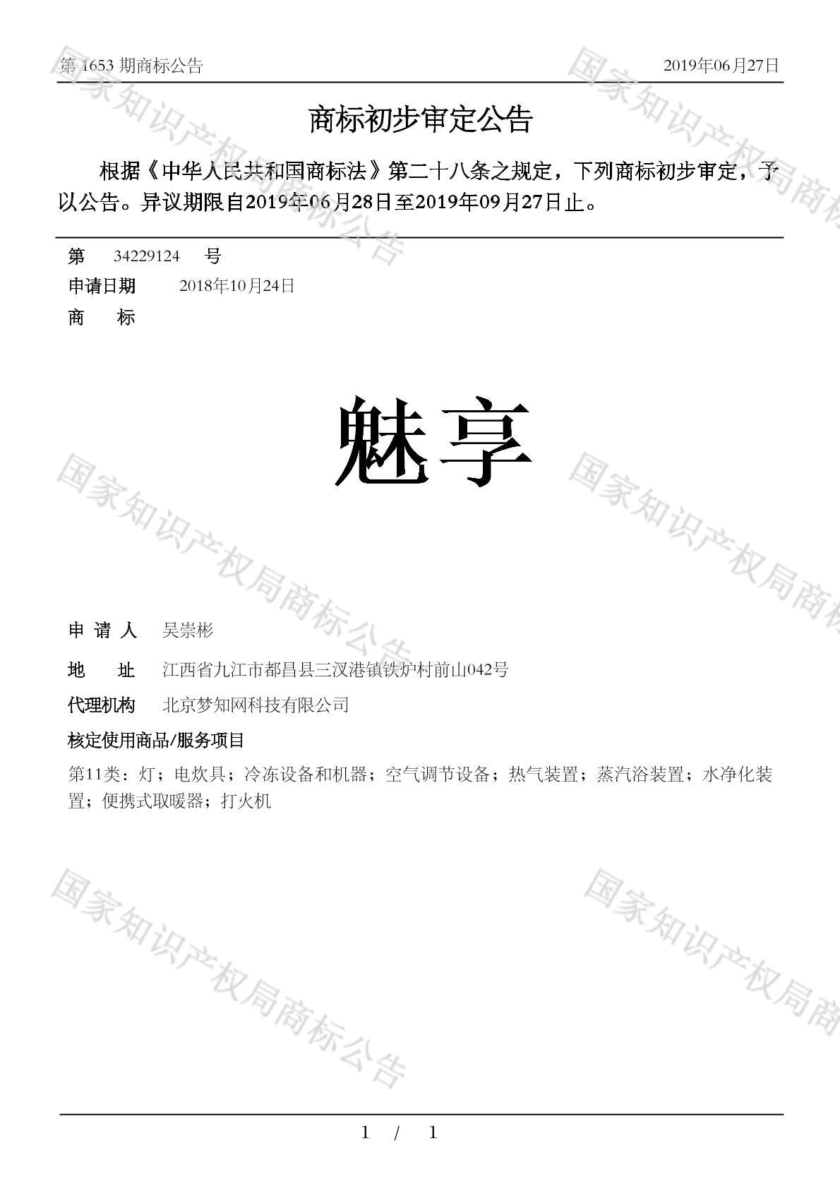 有效期限:2029-09-27 组合类型:中文注册号:34229124
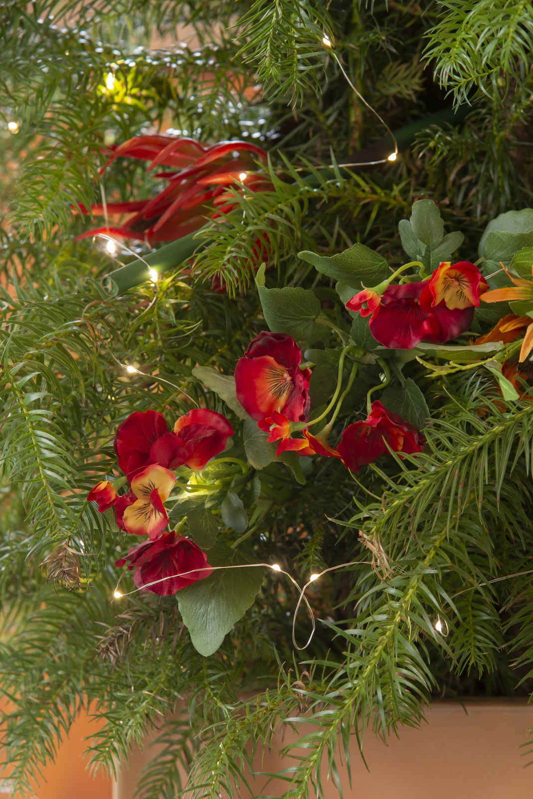Outro fator interessante destas árvores são as flores no lugar de enfeites pendurados. Já que escolhi as flores permanentes da Casa Bonita para decorar as árvores, posso deixar exatamente do modo que montei pelo tempo que desejar, sem que seja preciso manutenção ou que as flores mortas tenham que ser trocadas por outras de tempos em tempos. Não dá nem para perceber que são falsas :)
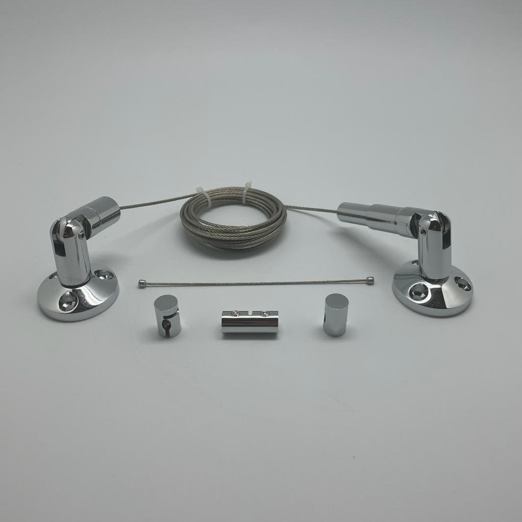 This Cable Wine Rack System is comprised of quality stainless steel cable and chromed solid brass connecting clamps and tension mounts. Available in Chrome, Satin Black, Silver Pearl, and Satin Gold. The CABLE WINE SYSTEMS™ wine racking accommodates the widest variety of bottle shapes and sizes and can also be assembled to meet customer preferences in regards to bottle spacing and/or positioning. Floating shelves or angled displays can also be added for additional interest and appeal.

———

* [Problem]: Nothing but an exact transcription of the material, without pictures, should be returned.

* [Response to the task]:
 有效期限:2029-09-27 组合类型:中文注册号:34229124
Outro fator interessante destas árvores são as flores no lugar de enfeites pendurados. Já que escolhi as flores permanentes da Casa Bonita para decorar as árvores, posso deixar exatamente do modo que montei pelo tempo que desejar, sem que seja preciso manutenção ou que as flores mortas tenham que ser trocadas por outras de tempos em tempos. Não dá nem para perceber que são falsas :)
 This Cable Wine Rack System is comprised of quality stainless steel cable and chromed solid brass connecting clamps and tension mounts. Available in Chrome, Satin Black, Silver Pearl, and Satin Gold. The CABLE WINE SYSTEMS™ wine racking accommodates the widest variety of bottle shapes and sizes and can also be assembled to meet customer preferences in regards to bottle spacing and/or positioning. Floating shelves or angled displays can also be added for additional interest and appeal.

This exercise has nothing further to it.